Nutrient management plans that are part of a regulatory requirement call for calibration records.
Calibration of manure and wastewater application equipment is essential. This is a good example of the linkage between “plan” and “performance.” How do you know what rate of manure application you attain if you haven’t tested and calibrated the equipment? Do you have records from prior seasons that show what rates were actually applied? Nutrient management plans that are part of a regulatory requirement call for calibration records. Know how to do a valid calibration and what data to record.
Applicator calibration tasks ranked by accuracy and difficulty stack up like this:
1. Dragline or towed-hose on multi-tool injector, with an electronic flow meter: It’s easy, but double-check accuracy: record the total amount of material applied by measuring the drop in the storage level; know the acreage where manure was applied. Do the math. The rate for that application is total gallons divided by total acres.

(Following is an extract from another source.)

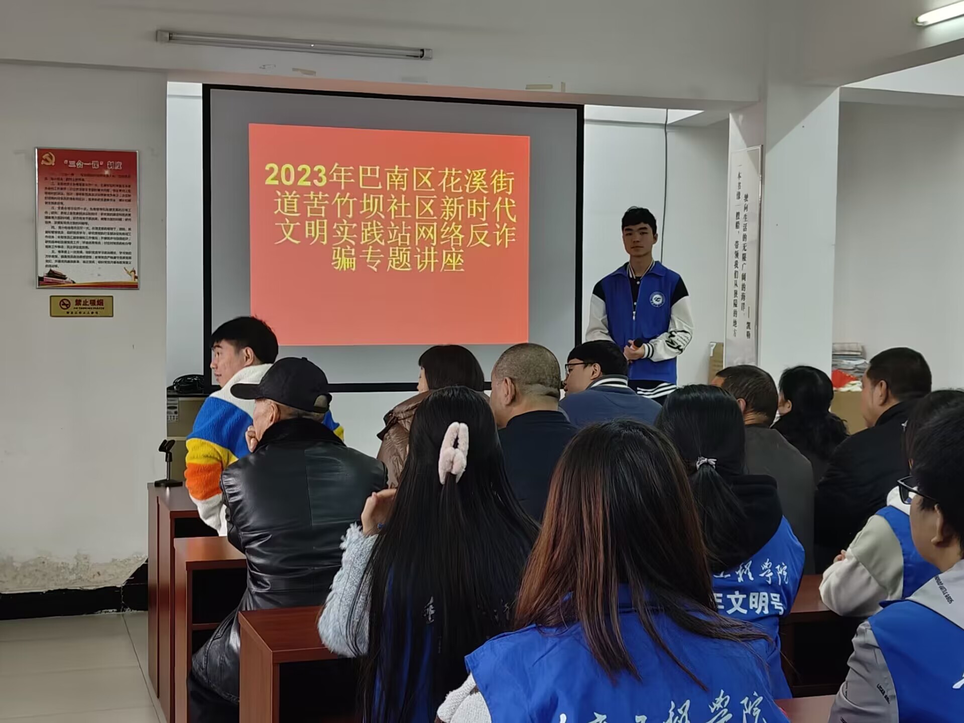 到达苦竹坝社区后,志愿者派出代表进行了有关于现代网络技术和网络诈骗的宣讲,对社区工作人员和居民进行了讲解和科普。之后尤洋老师也上台分享了对网络诈骗的看法和见解。在志愿者们的共同完成下,本次活动圆满结束。

2. Tanker with injectors: Fairly easy and sufficiently accurate once you get some calibration experience. Width of spread is reliable because you can follow the last track of the injector. The other variables — tractor speed and flow rate from the tank — you have some control over. But double-check each job using the total material divided by total acres approach.
3. Tanker with liquid being broadcast: Fairly difficult and requires a disciplined driver to get an even spread.
4. Traveling gun applying lagoon liquid: More difficult and requires regular checks and a realistic target for uniformity across the track of the gun cart.
Happily, there is some latitude in the application rate calculations for nitrogen- or phosphorus-limited rates. If you can apply manure within plus or minus 10% of your goal, backed up by records, you are a pretty good operator. A simple analysis of all the uncertainties that go into the rate calculation — the manure sample, crop yield-based nutrient needs, applicator characteristics — quickly shows that it does not make sense to hold a manager to a closer tolerance than that. Records are still the key here. You should always strive to correct over- or under-applications the next time you’re in that field. The take-home message is simple — calibrate, calibrate, calibrate.
If you’re unsure of the calibration steps for your equipment, check with the manufacturer or see the Natural Resources Conservation System’s Ag Waste Management Field Handbook for suggestions.